▶ [INPUT DATA]:
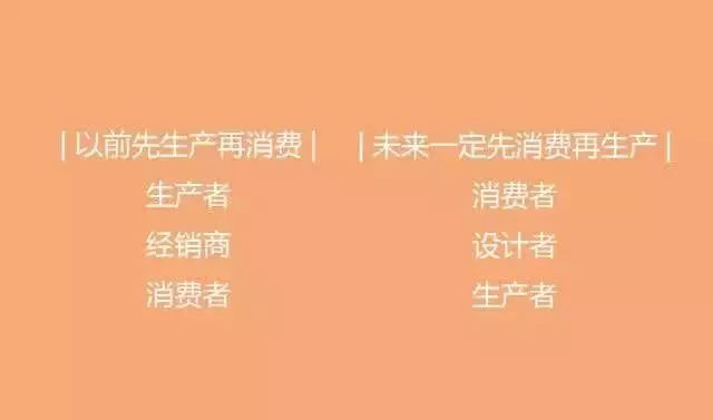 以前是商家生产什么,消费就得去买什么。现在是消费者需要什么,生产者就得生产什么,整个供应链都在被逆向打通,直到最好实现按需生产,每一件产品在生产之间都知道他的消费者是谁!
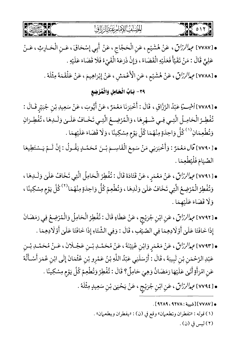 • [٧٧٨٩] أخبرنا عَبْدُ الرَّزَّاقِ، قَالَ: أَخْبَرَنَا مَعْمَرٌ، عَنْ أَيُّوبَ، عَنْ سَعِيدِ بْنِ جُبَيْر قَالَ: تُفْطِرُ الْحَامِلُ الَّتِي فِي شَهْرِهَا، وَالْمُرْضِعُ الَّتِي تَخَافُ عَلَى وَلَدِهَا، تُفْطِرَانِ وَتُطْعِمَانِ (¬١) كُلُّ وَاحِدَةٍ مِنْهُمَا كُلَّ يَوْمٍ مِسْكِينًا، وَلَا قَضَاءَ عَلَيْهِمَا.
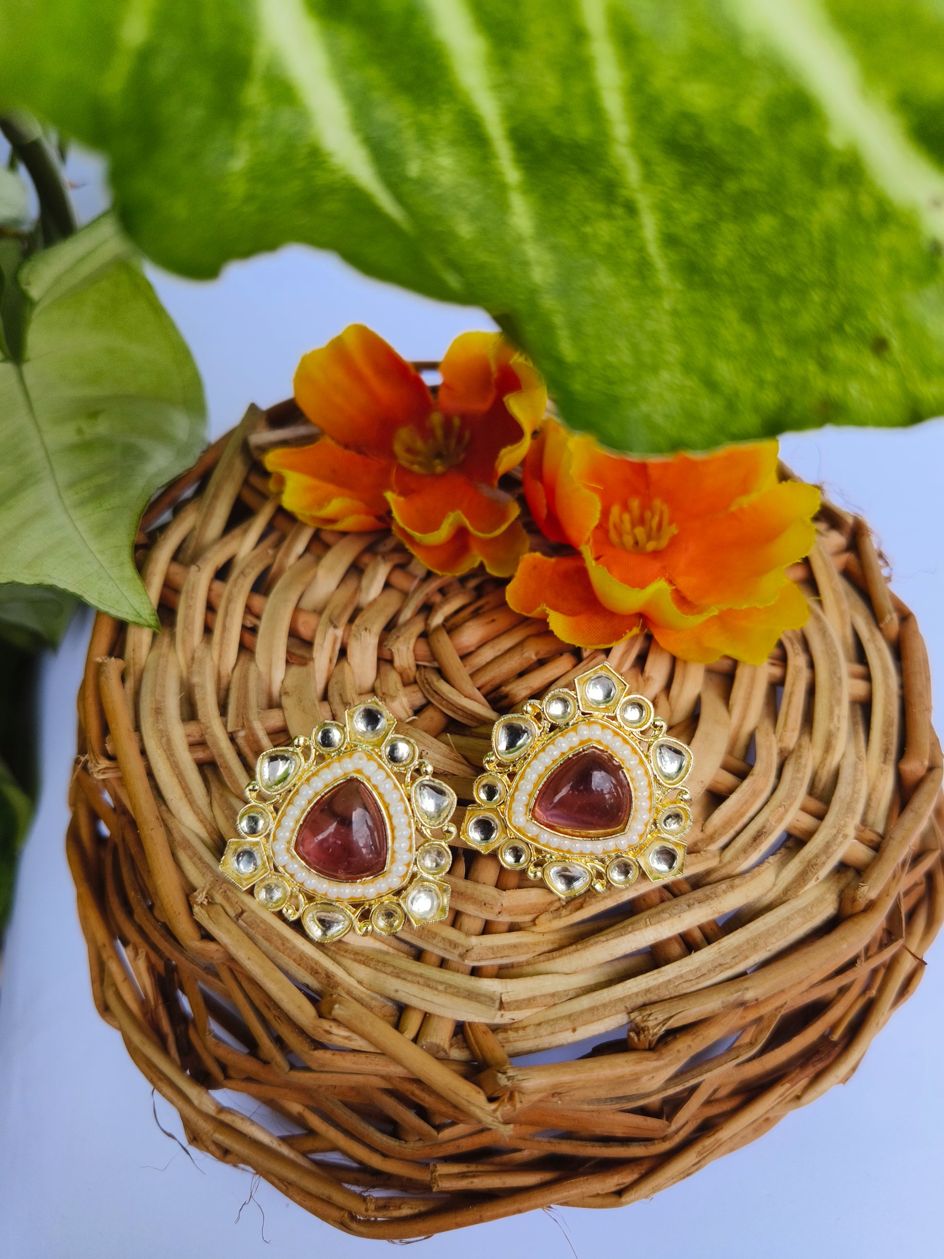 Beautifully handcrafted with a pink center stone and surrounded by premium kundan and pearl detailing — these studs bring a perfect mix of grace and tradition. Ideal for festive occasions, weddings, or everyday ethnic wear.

▶ [REQUIRED WORK]:
Restate the material above word for word, dropping the pictures.

▶ [RESULT]:
 以前是商家生产什么,消费就得去买什么。现在是消费者需要什么,生产者就得生产什么,整个供应链都在被逆向打通,直到最好实现按需生产,每一件产品在生产之间都知道他的消费者是谁!
 • [٧٧٨٩] أخبرنا عَبْدُ الرَّزَّاقِ، قَالَ: أَخْبَرَنَا مَعْمَرٌ، عَنْ أَيُّوبَ، عَنْ سَعِيدِ بْنِ جُبَيْر قَالَ: تُفْطِرُ الْحَامِلُ الَّتِي فِي شَهْرِهَا، وَالْمُرْضِعُ الَّتِي تَخَافُ عَلَى وَلَدِهَا، تُفْطِرَانِ وَتُطْعِمَانِ (¬١) كُلُّ وَاحِدَةٍ مِنْهُمَا كُلَّ يَوْمٍ مِسْكِينًا، وَلَا قَضَاءَ عَلَيْهِمَا.
 Beautifully handcrafted with a pink center stone and surrounded by premium kundan and pearl detailing — these studs bring a perfect mix of grace and tradition. Ideal for festive occasions, weddings, or everyday ethnic wear.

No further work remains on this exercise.